Brain dynamics during the sleep onset transition: An EEG source localization study

Abstract

EEG source localization is an essential tool to reveal the cortical sources underlying brain oscillatory activity. We applied LORETA, a technique of EEG source localization, to identify the principal brain areas involved in the process of falling asleep (sleep onset, SO). We localized the contributing brain areas of activity in the classical frequency bands and tracked their temporal evolution (in 2-min intervals from 2 min prior to SO up to 10 min after SO) during a baseline night and subsequent recovery sleep after total sleep deprivation of 40 h. Delta activity (0.5-5 Hz) gradually increased both in baseline and recovery sleep, starting in frontal areas and finally involving the entire cortex. This increase was steeper in the recovery condition.

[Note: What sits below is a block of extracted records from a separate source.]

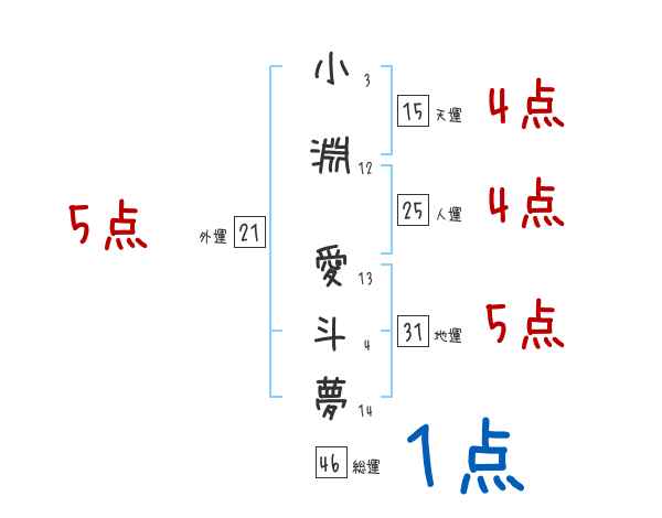 外運![]() | 小淵愛斗夢さんの外運は21画の5つ星!統率力がある。独立し成功する。名誉を手に入れる。 生活面を象徴する運勢です。外部から受ける影響力を表し、結婚運、家庭運や職場、環境への順応性を表します。 |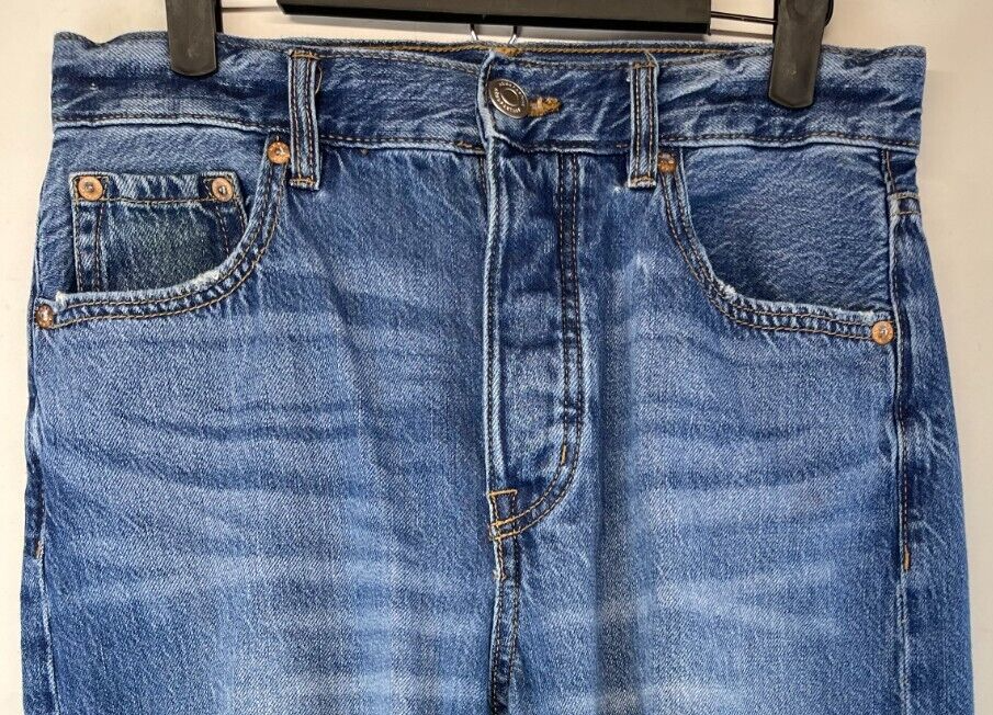 These Aeropostale Jeans are a women's size 8 in a 90's Baggy style with a button fly. Made of denim fabric and featuring a high rise, they have a relaxed fit and a 5-pocket design. The blue jeans have a medium wash and are adorned with distressed accents. The material is 100% cotton, making them easy to care for and machine washable. Perfect for a retro, grunge, or hipster look. Very good preowned condition with normal preowned wear. Please see all photos; specifically for measurements. For clothing specifically, see photos for all measurements and/or any issues if applicable. Pay close attention to the measurements as the size of the garment may quite possibly be different than the actual measurement(s) due to washing, shrinkage, or stretching as these are used clothes. The size in the title is the size on the tag of the garment. See photos for measurements of actual measurements as they may differ. ALWAYS CHECK THE MEASUREMENTS IN THE PHOTOS. This will remove any questions on measurements as well as always cover the possibility of human error in the listing(s) in the case of a typo or oversight. All clothing and shoes have been washed/cleaned, and are cleaned and stored in a smoke free environment. However, please keep in mind that these are preowned items and there is always a possibility of there being preowned dirt, dust, or stray hairs present. I do my best to clean these items with hair collecting products in the dryer after being washed, and by hand with shoes. If shoe trees appear in the photos, they are for photography purposes only to illustrate how the shoes look filled out, and are not included. I am available for questions. I accept or negotiate reasonable offers. Have an amazing day. Thank you.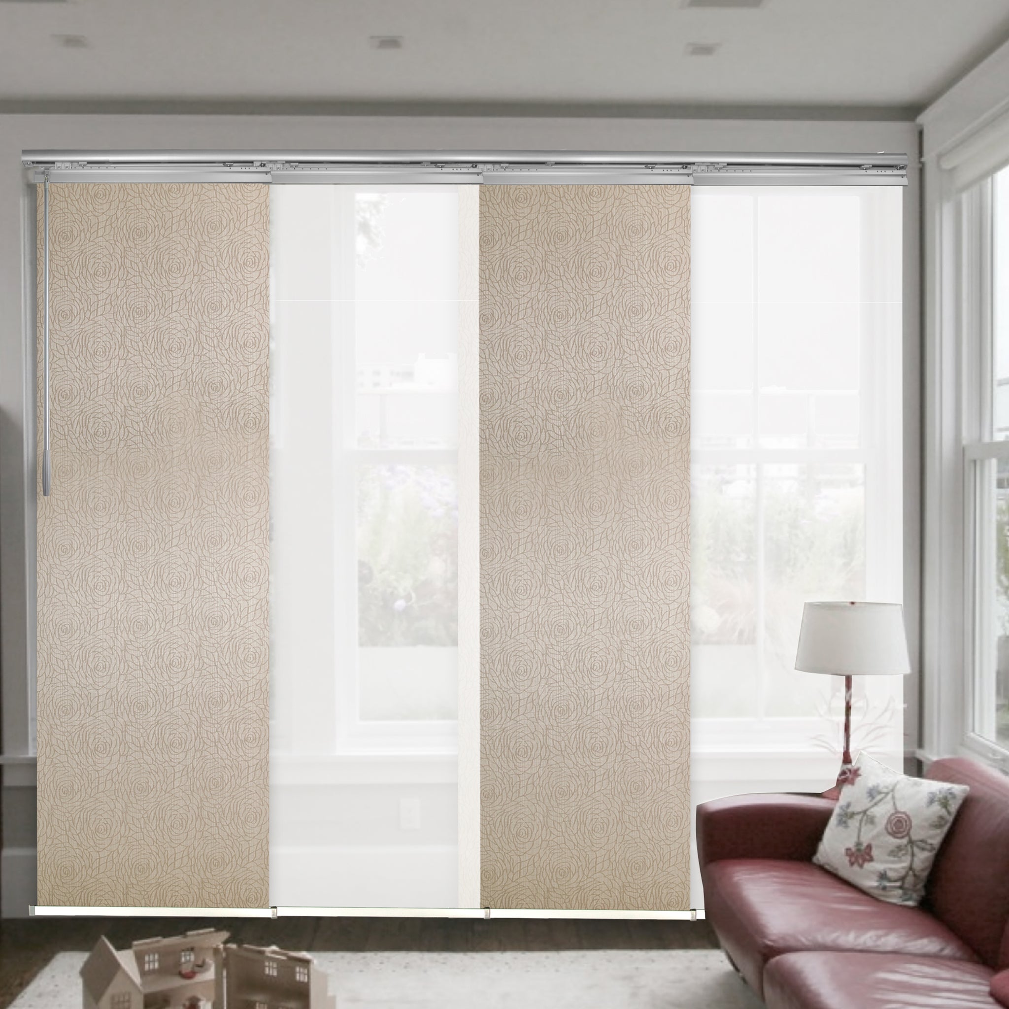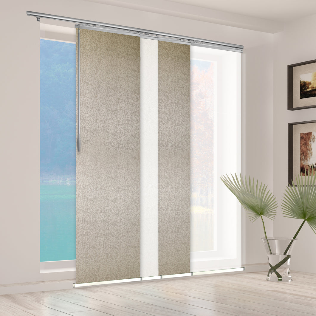 Patented Sliders Design: Durable and smooth operation, the patented sliders are made with aluminum and fitted with bearings that allow the sliders to glide across the rail. The sliders are also stacked closer together than conventional panel tracks, which reduces light bleed coming from the gaps between panels.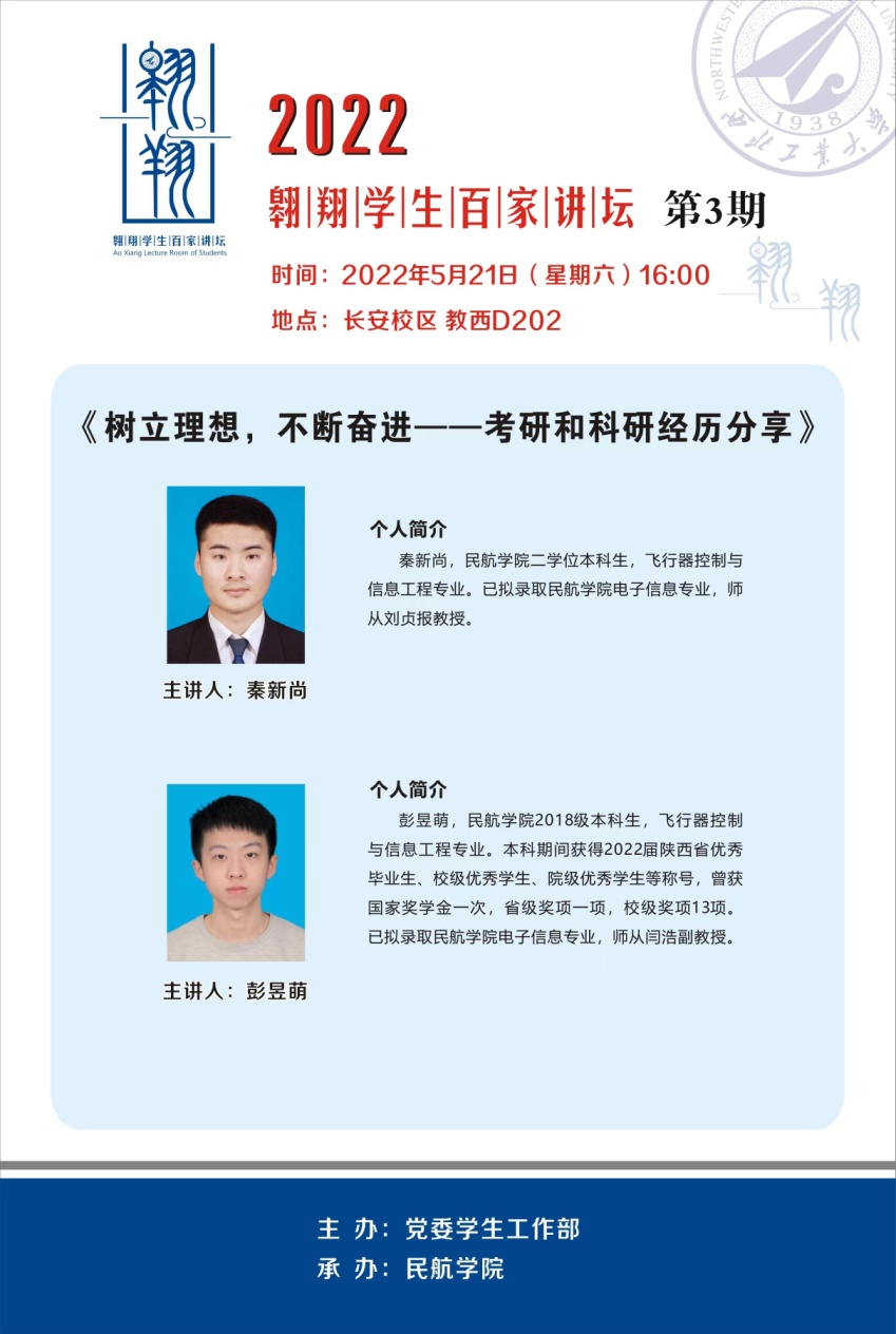 5月21日下午,英国威廉希尔英文官网开展翱翔员工百家讲坛活动,邀请2022届本科毕业生代表彭昱萌、秦新尚做考研和科研经验交流分享。活动由辅导员吴宇主持,公司大一至大三年级员工代表参加了活动。

The evolution of sigma activity (12-16 Hz) resembled an inverted U-shape in both conditions and the activity was most salient in the parietal cortex. In recovery, sigma activity reached its maximum faster than in baseline, but attained lower levels. Theta activity (5-8 Hz) increased with time in large parts of the occipital lobe (baseline and recovery) and in recovery involved additionally frontal areas. Changes in alpha activity (8-12 Hz) at sleep onset involved large areas of the cortex, whereas activity in the beta range (16-24 Hz) was restricted to small cortical areas. The dynamics in recovery could be considered as a "fast-forward version" of the one in baseline. Our results confirm that the process of falling asleep is neither spatially nor temporally a uniform process and that different brain areas might be falling asleep at a different speed potentially reflecting use dependent aspects of sleep regulation.